Maeve entrou na cozinha naquele momento, seus cachos castanhos ainda molhados do banho e uma mancha de geleia no canto da boca. Ela usava um vestido rosa com estampa de margaridas, e seus olhos azuis — tão parecidos com os de Morgana, mas tão mais brilhantes — estavam fixos nela com uma intensidade que partia seu coração.

- Morgie! — Maeve correu em sua direção e pulou em seu colo, seus braços pequenos se enrolando em torno de seu pescoço. — Você vai embora hoje?

- Vou, Mae. — Morgana abraçou-a com força, sentindo seu corpo pequeno e quente contra o seu. — Mas vou voltar.

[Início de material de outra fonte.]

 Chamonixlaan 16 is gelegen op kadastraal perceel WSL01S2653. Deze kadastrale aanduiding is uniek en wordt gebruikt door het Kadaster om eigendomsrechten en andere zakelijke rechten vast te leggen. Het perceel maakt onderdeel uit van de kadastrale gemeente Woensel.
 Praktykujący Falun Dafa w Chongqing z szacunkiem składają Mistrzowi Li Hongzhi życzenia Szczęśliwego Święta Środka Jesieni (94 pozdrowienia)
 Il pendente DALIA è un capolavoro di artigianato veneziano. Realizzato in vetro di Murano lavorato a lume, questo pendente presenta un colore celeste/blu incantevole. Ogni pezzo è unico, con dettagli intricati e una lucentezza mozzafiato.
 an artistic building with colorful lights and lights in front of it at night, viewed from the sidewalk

Nas férias. Prometo.

- Promete mesmo?

- Prometo.

Maeve se afastou, seus olhos azuis brilhando com lágrimas que ela se recusava a deixar cair.

- Você vai me escrever?

- Vou escrever todas as semanas. Vou te contar tudo sobre Hogwarts.

- Tudo?

- Tudo.

- Até sobre os fantasmas?

Morgana sorriu, apesar da garganta apertada.

- Até sobre os fantasmas.

Maeve pareceu satisfeita e deslizou de seu colo para sentar-se ao seu lado, pegando uma panqueca do prato sem pedir permissão.

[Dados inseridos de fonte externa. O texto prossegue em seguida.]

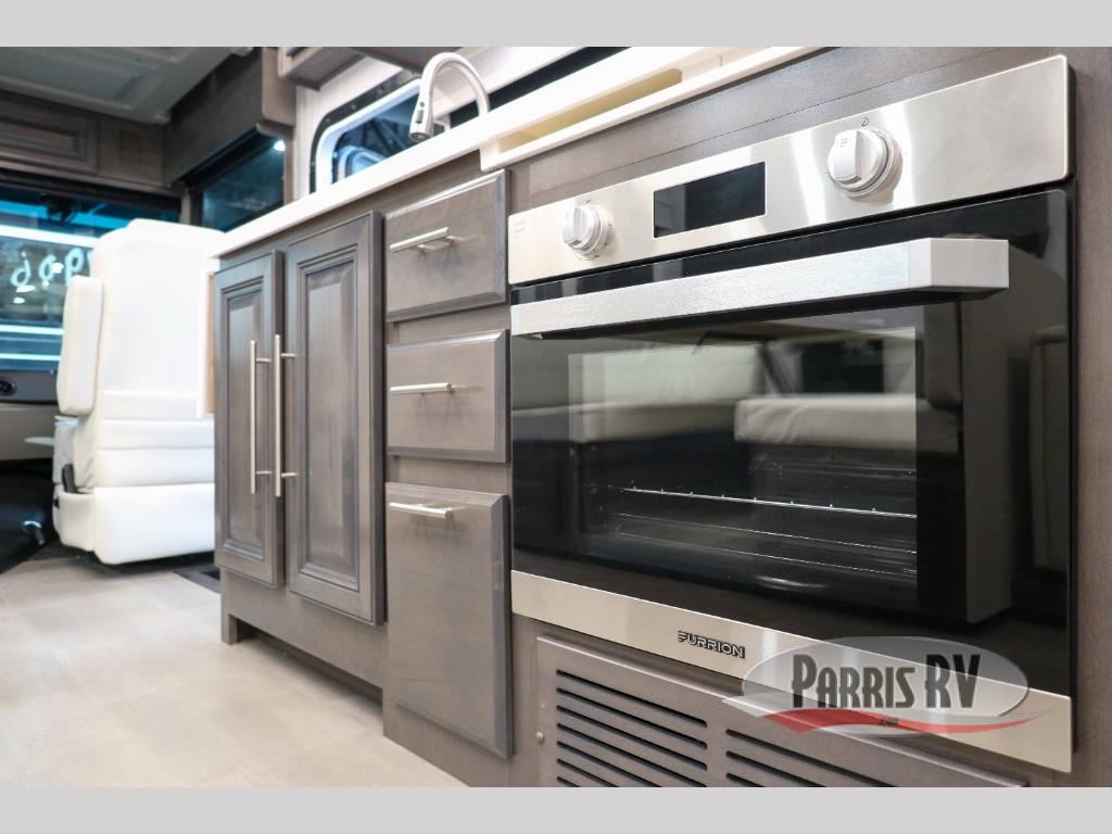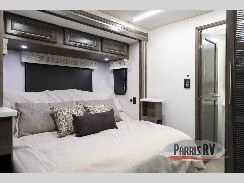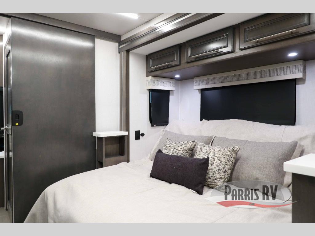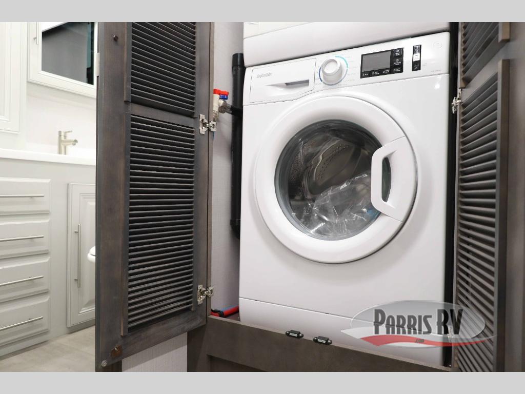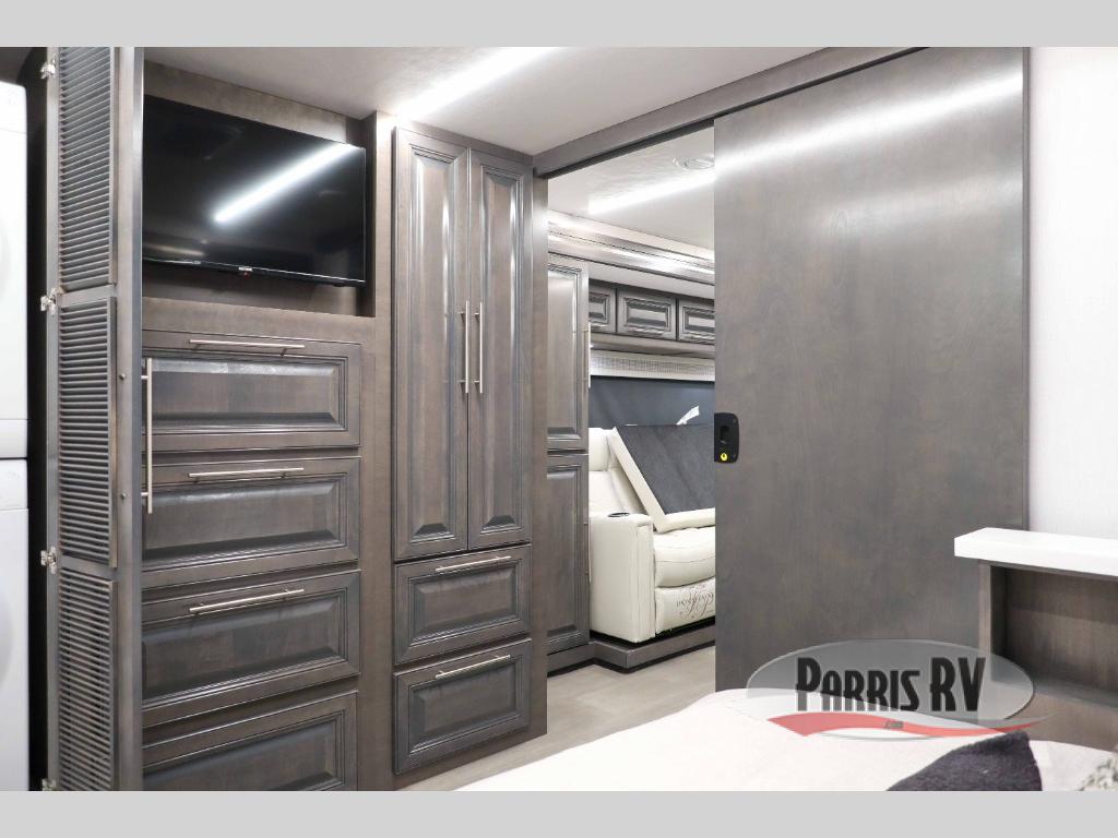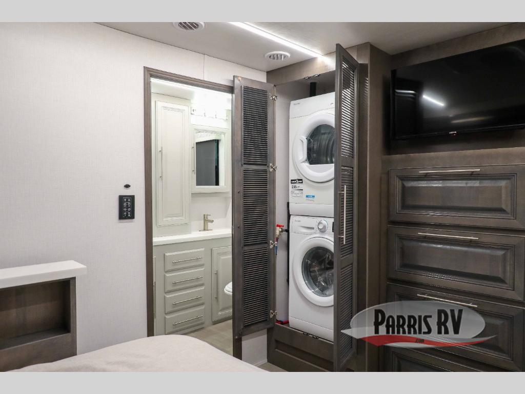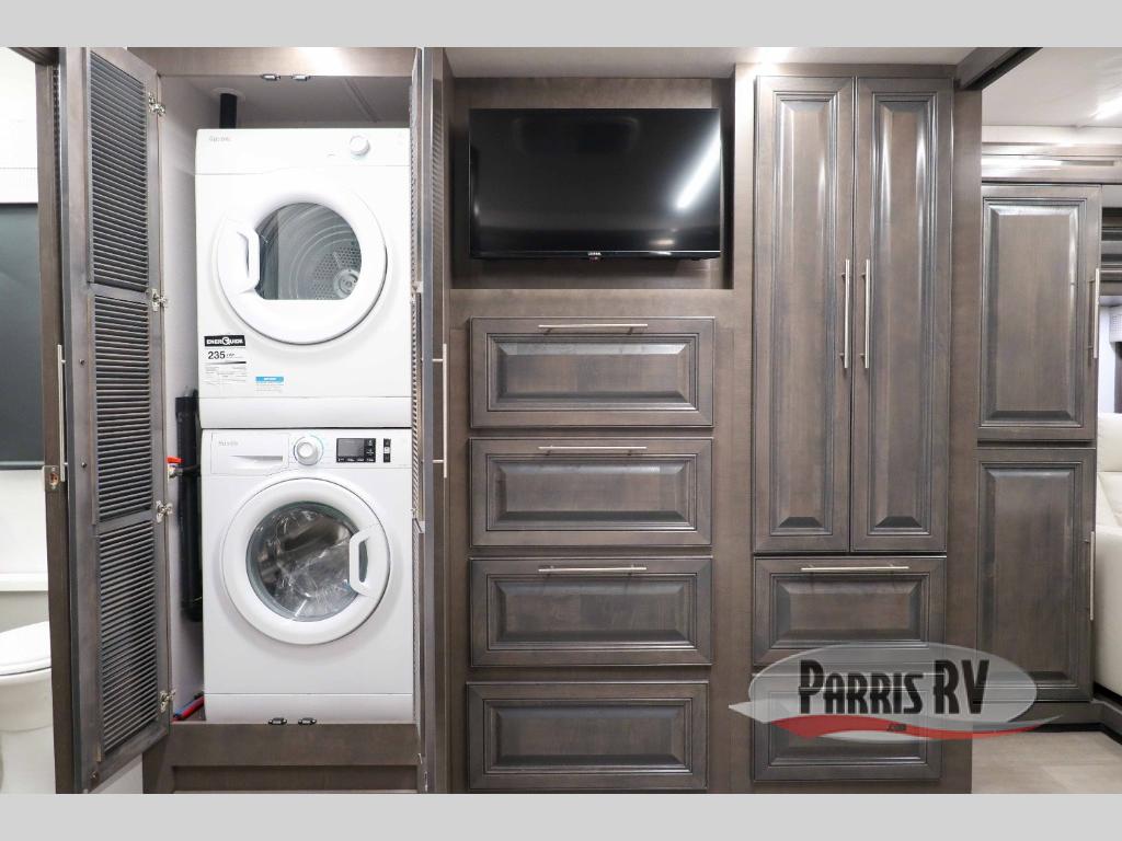 Comfort and convenience are found all throughout this motorhome! Starting with the full rear master bath that has a shower with a seat and a dual sink vanity, plus it leads into the private bedroom. Inside the bedroom is a 72" x 80" king bed slide with overhead cabinets across from a dresser with overhead cabinets and a 32" LED TV, a wardrobe, and another wardrobe that is prepped to add an optional stackable washer and dryer. The half bathroom is conveniently near the fully equipped kitchen so you can get back to creating your best home cooked meals fast. Relax in true comfort each night by either playing games at the booth dinette or on the theater seating that comes with power recline, heat, and massage!

Drake entrou na cozinha momentos depois — cabelos pretos perpetuamente desgrenhados, expressão de excitação mal contida em seu rosto. Ele já estava vestido com seu uniforme de Hogwarts — camisa branca, gravata listrada em vermelho e dourado, calças cinzas e o brasão da Grifinória bordado no peito do suéter — mas sua gravata estava frouxa e seus sapatos desamarrados. Sua aparência era a de um titã em construção, ombros largos e braços definidos, mas sua energia era a de um garoto no Natal.

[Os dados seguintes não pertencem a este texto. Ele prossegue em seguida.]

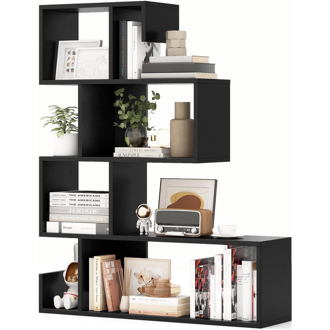 Modern 5-Tier S-Shaped Bookshelf with Anti-Toppling Kits, Freestanding Storage Rack for Living Room, Study, Home, Office, Black
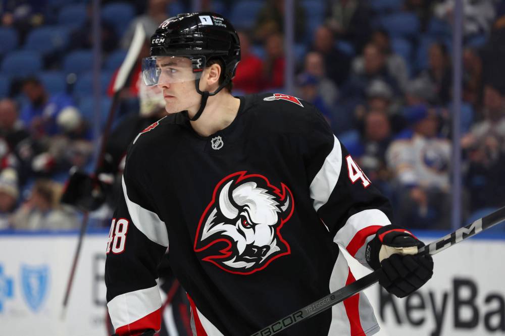 As the Sabres took a 2-1 lead late in the first period on a rush chance, Heinola was unable to prevent a cross-ice pass by former Winnipeg Ice forward Zach Benson and Stanley was unable to tie up the stick of Dylan Cozens, despite being right beside him.
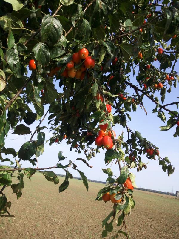 Ich vermute einmal das es eine Kreuzung zwischen Apfel und vielleicht einer Beere oder Pflaume ist.

- Morgs! — Ele se jogou na cadeira ao lado dela, e Lumi imediatamente colocou um prato com panquecas em sua frente. — O grande dia chegou!

- Eu sei. — Morgana sentiu seu estômago se contrair. — Estou tentando não pensar nisso.

- Não pensar nisso? — Ele a olhou como se ela tivesse dito a coisa mais absurda do mundo. — Como você pode não pensar nisso? Você vai para Hogwarts! A escola de magia mais incrível do mundo!

Drake colocou a mão sobre a dela, seu toque firme e quente.

- Você vai ser incrível. — Sua voz era mais suave do que o normal. — Você é a pessoa mais corajosa que eu conheço, Morgs. Você só ainda não percebeu.

- E como você sabe?

- Porque eu te conheço. — Ele sorriu, aquele sorriso torto que herdara do pai. — Você enfrenta seus medos todos os dias. Mesmo quando está com medo. Isso é coragem. Isso é força.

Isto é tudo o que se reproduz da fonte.